Quien parece haberlo comprendido es Cristiano Ronaldo, cuyo comportamiento ha dado un giro de ciento ochenta grados. La imagen que ofrecía en sus inicios en el Real Madrid no era nada cristiana. El Ronaldo de antaño (presuntuoso, quejica, engreído e incluso triste) ha dado paso al buen Cristiano: colabora más en el juego colectivo, celebra los goles ajenos, rara vez discute las decisiones arbitrales y por si fuera poco anota más goles que nunca.

Ya sabemos que al presidente de la FIFA, Joseph Blatter, esta epifanía sigue sin convencerle: prefiere un Messi a un Mesías, y no lo esconde. Pero ¿a quién demonios le importa --más allá de su cargo-- lo que opine semejante pagano deportivo?
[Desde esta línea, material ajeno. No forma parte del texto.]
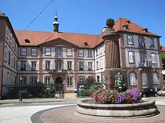 Après différents projets, jugés trop coûteux, des architectes Pflug et Joseph Massol, c'est le sous-greffier de la ville Georges-Joseph Barth qui dessina les plans de l’édifice actuel. La construction a commencé en 1757 fut rapidement achevée. L'édifice comporte des ailes en fer à cheval autour de la cour ouverte sur la place et des ailes en quadrilatère autour d'une cour intérieure. Les façades sont très soignées, ornées de sculpture figurées (visage, corps, ...) et de rocailles (arbres, branche, ...) sur les consoles des balcons et sur les linteaux de certaines baies[2].

El buen Cristiano se ha embarcado estos días en una campaña de donaciones de médulas destinadas a devolver la salud a muchos enfermos, niños incluidos. Nadie mejor que él para colaborar con esta iniciativa. Si su gesto consigue --de manera indirecta-- salvar vidas, habrá ganado algo más importante que el Balón de Oro, un premio que --aquí se mide la catadura intelectual de Blatter-- no debería ser para el astro luso porque al parecer se peina demasiado.